Your objective: Return the material exactly, first line through the line containing "Copyright (c) 2001", and nothing more. Pictures stay out.

Data under study:
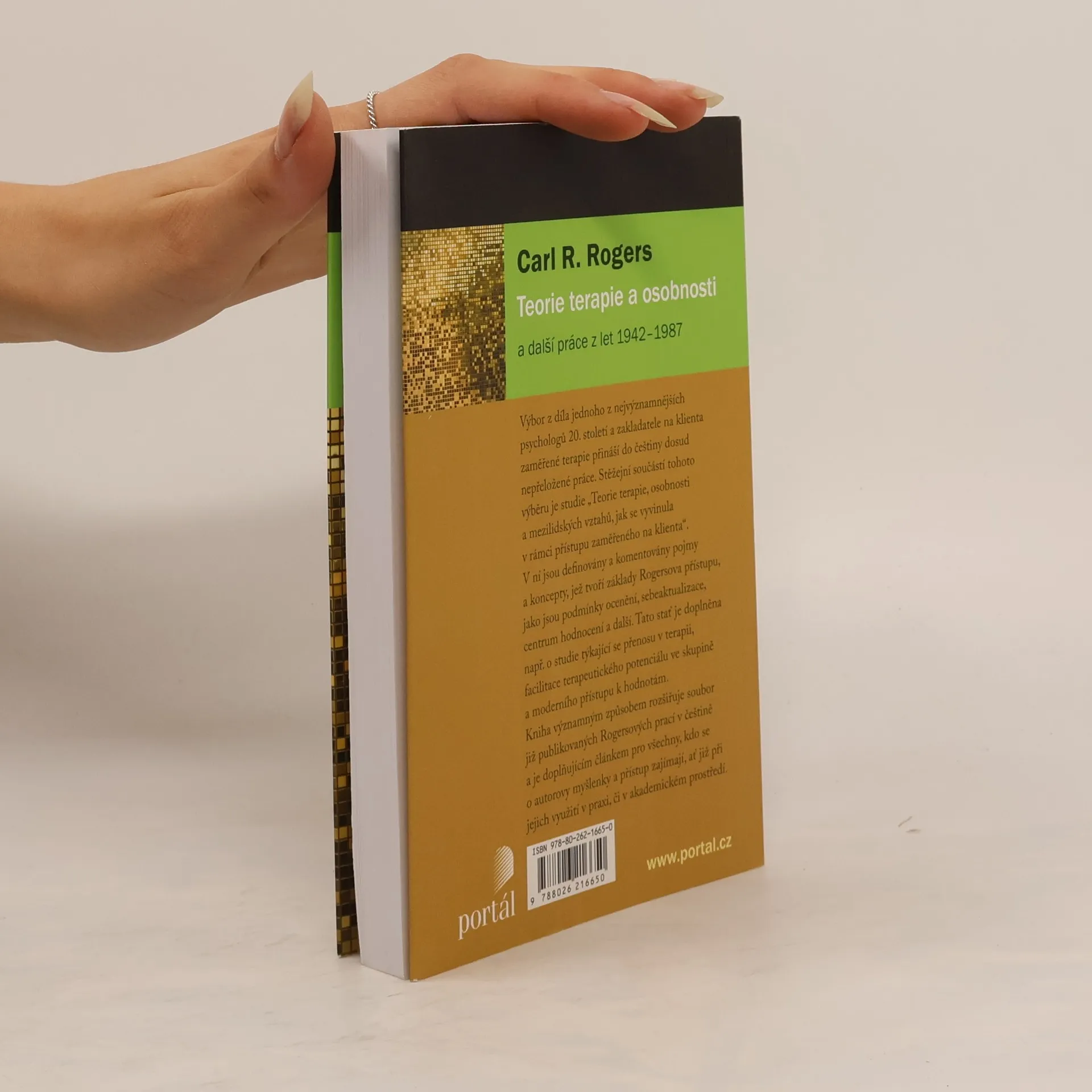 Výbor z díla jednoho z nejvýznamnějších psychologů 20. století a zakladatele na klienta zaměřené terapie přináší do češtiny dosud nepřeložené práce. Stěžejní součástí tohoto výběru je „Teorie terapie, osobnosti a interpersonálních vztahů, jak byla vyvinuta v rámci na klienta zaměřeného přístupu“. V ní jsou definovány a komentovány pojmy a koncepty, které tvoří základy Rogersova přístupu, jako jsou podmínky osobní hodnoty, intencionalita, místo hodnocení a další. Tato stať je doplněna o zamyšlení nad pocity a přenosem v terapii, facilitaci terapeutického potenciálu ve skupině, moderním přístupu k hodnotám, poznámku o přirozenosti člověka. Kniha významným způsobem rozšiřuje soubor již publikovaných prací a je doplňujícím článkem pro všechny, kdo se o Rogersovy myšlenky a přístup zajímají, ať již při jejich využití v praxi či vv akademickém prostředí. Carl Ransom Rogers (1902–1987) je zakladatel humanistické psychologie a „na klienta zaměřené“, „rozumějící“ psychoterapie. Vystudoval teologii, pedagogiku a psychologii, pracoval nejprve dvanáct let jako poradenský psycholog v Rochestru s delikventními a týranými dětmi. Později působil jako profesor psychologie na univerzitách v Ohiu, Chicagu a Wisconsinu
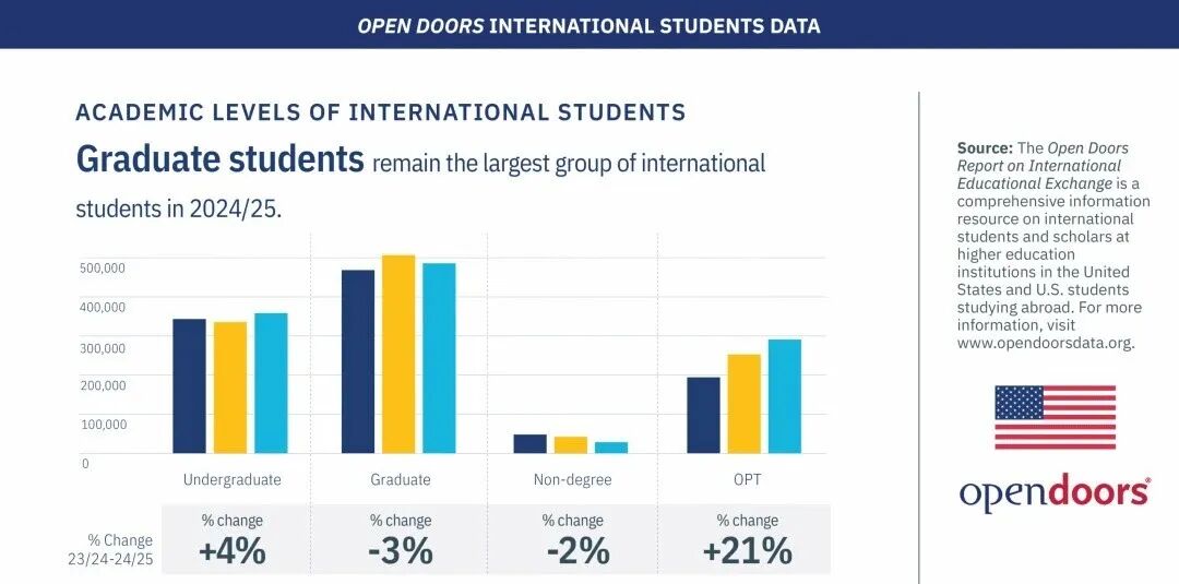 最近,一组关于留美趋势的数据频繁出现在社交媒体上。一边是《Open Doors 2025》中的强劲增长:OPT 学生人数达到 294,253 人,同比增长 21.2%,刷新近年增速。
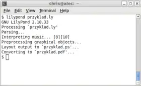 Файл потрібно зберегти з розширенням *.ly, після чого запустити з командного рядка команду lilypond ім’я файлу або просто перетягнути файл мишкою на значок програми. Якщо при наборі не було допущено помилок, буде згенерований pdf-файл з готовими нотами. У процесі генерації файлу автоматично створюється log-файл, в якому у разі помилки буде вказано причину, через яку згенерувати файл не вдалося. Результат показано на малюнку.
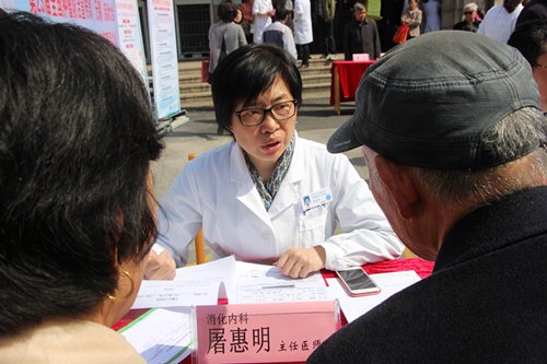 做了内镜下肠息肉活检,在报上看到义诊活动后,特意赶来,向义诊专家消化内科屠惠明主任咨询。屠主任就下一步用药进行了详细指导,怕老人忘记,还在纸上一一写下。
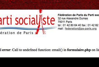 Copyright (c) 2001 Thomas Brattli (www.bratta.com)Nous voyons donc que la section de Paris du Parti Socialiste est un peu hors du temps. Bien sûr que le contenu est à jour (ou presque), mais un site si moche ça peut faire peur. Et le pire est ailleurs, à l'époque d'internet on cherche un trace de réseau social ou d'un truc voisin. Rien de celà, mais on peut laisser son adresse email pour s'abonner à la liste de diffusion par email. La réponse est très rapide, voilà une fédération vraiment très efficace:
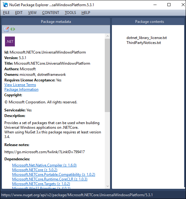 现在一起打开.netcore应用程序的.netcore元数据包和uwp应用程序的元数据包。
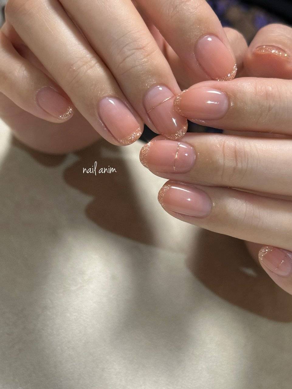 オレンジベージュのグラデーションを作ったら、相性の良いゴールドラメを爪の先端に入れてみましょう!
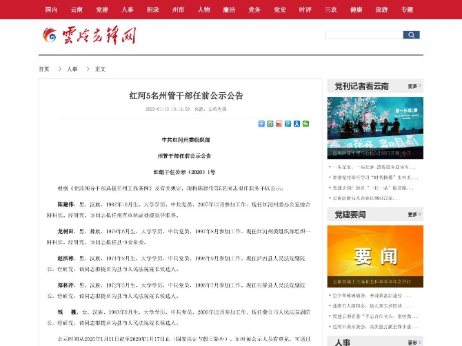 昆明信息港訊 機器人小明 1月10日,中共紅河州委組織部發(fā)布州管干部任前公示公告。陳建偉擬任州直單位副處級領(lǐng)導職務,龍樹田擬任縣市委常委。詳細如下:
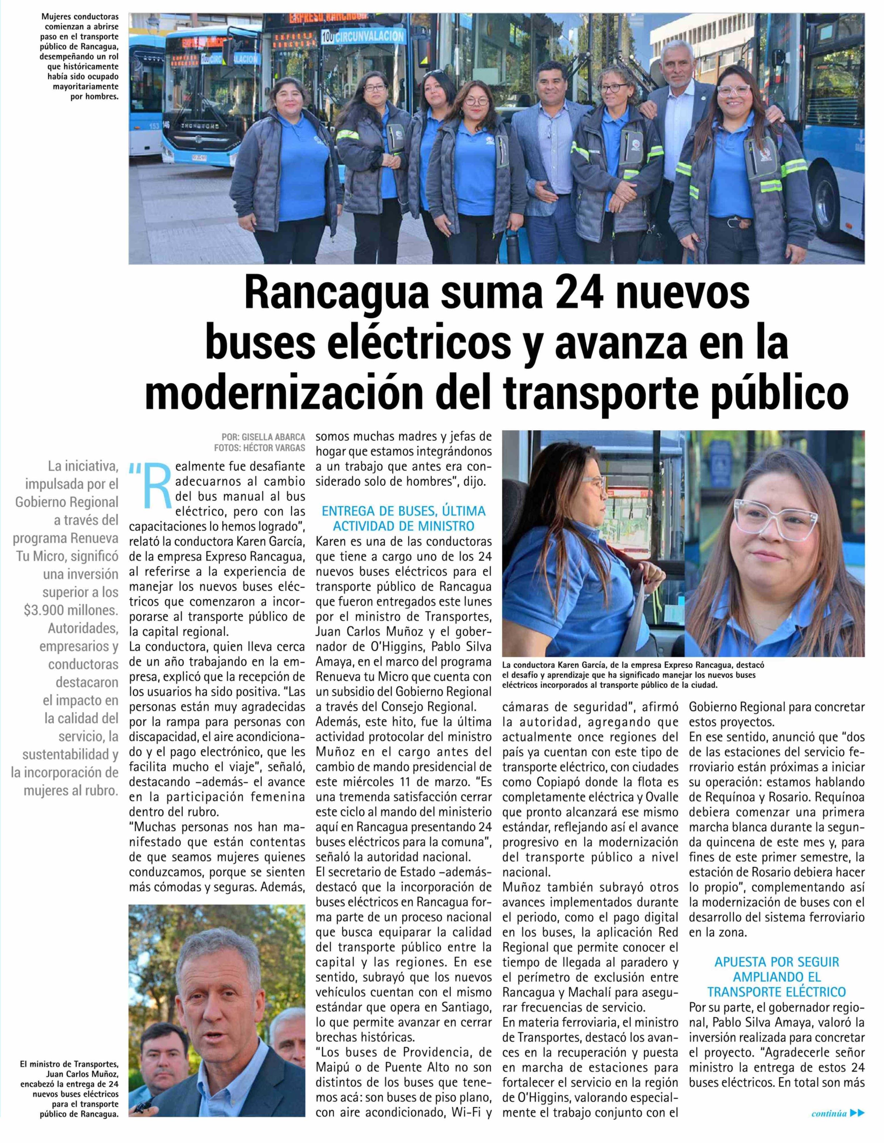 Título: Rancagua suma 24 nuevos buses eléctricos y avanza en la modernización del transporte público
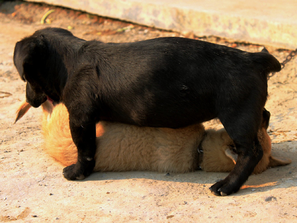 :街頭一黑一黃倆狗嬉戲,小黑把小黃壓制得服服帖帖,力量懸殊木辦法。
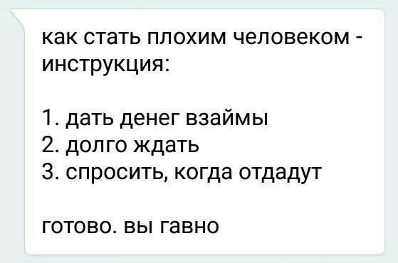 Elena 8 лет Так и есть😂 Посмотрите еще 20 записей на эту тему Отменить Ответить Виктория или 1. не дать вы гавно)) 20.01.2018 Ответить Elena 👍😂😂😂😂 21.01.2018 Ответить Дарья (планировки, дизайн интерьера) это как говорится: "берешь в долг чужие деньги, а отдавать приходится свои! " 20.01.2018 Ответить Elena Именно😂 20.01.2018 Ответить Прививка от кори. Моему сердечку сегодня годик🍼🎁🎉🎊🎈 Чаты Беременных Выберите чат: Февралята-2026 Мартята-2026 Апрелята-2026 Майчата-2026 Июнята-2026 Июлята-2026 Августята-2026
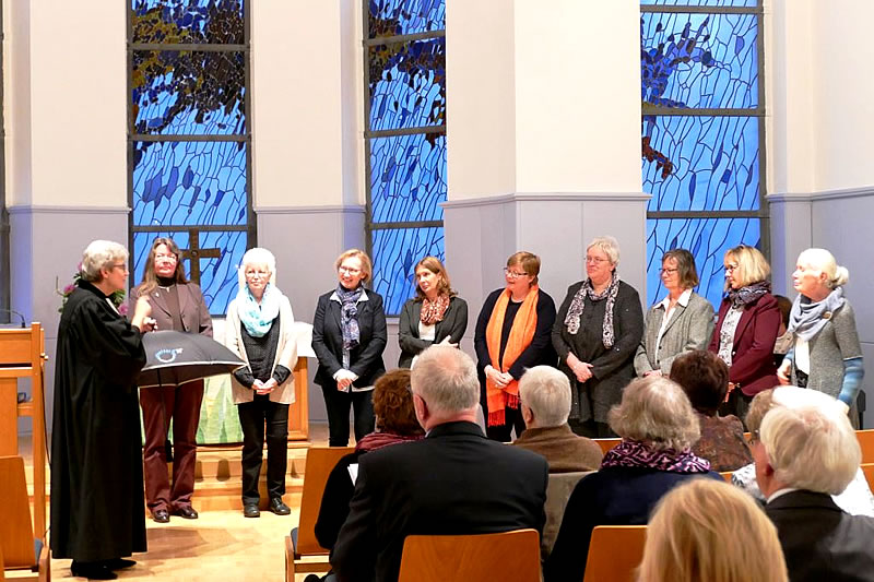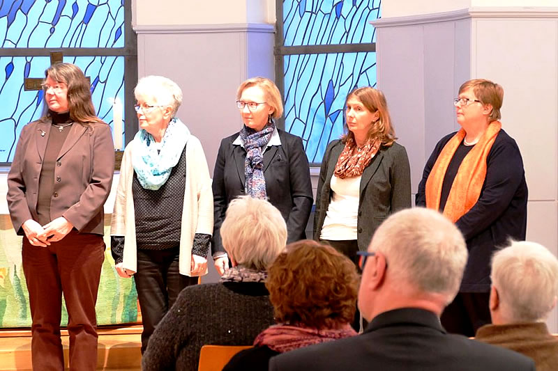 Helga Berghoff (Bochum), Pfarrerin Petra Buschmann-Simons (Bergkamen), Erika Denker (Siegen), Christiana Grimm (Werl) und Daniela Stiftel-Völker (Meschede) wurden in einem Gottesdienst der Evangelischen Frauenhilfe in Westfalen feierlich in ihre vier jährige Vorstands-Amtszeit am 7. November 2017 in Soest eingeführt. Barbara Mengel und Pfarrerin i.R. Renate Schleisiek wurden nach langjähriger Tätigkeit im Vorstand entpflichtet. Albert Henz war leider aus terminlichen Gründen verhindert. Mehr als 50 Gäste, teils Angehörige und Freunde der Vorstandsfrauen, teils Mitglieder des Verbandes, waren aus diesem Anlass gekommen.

Reply:
 Výbor z díla jednoho z nejvýznamnějších psychologů 20. století a zakladatele na klienta zaměřené terapie přináší do češtiny dosud nepřeložené práce. Stěžejní součástí tohoto výběru je „Teorie terapie, osobnosti a interpersonálních vztahů, jak byla vyvinuta v rámci na klienta zaměřeného přístupu“. V ní jsou definovány a komentovány pojmy a koncepty, které tvoří základy Rogersova přístupu, jako jsou podmínky osobní hodnoty, intencionalita, místo hodnocení a další. Tato stať je doplněna o zamyšlení nad pocity a přenosem v terapii, facilitaci terapeutického potenciálu ve skupině, moderním přístupu k hodnotám, poznámku o přirozenosti člověka. Kniha významným způsobem rozšiřuje soubor již publikovaných prací a je doplňujícím článkem pro všechny, kdo se o Rogersovy myšlenky a přístup zajímají, ať již při jejich využití v praxi či vv akademickém prostředí. Carl Ransom Rogers (1902–1987) je zakladatel humanistické psychologie a „na klienta zaměřené“, „rozumějící“ psychoterapie. Vystudoval teologii, pedagogiku a psychologii, pracoval nejprve dvanáct let jako poradenský psycholog v Rochestru s delikventními a týranými dětmi. Později působil jako profesor psychologie na univerzitách v Ohiu, Chicagu a Wisconsinu
 最近,一组关于留美趋势的数据频繁出现在社交媒体上。一边是《Open Doors 2025》中的强劲增长:OPT 学生人数达到 294,253 人,同比增长 21.2%,刷新近年增速。
 Файл потрібно зберегти з розширенням *.ly, після чого запустити з командного рядка команду lilypond ім’я файлу або просто перетягнути файл мишкою на значок програми. Якщо при наборі не було допущено помилок, буде згенерований pdf-файл з готовими нотами. У процесі генерації файлу автоматично створюється log-файл, в якому у разі помилки буде вказано причину, через яку згенерувати файл не вдалося. Результат показано на малюнку.
 做了内镜下肠息肉活检,在报上看到义诊活动后,特意赶来,向义诊专家消化内科屠惠明主任咨询。屠主任就下一步用药进行了详细指导,怕老人忘记,还在纸上一一写下。
 Copyright (c) 2001 Thomas Brattli (www.bratta.com)Nous voyons donc que la section de Paris du Parti Socialiste est un peu hors du temps. Bien sûr que le contenu est à jour (ou presque), mais un site si moche ça peut faire peur. Et le pire est ailleurs, à l'époque d'internet on cherche un trace de réseau social ou d'un truc voisin. Rien de celà, mais on peut laisser son adresse email pour s'abonner à la liste de diffusion par email. La réponse est très rapide, voilà une fédération vraiment très efficace:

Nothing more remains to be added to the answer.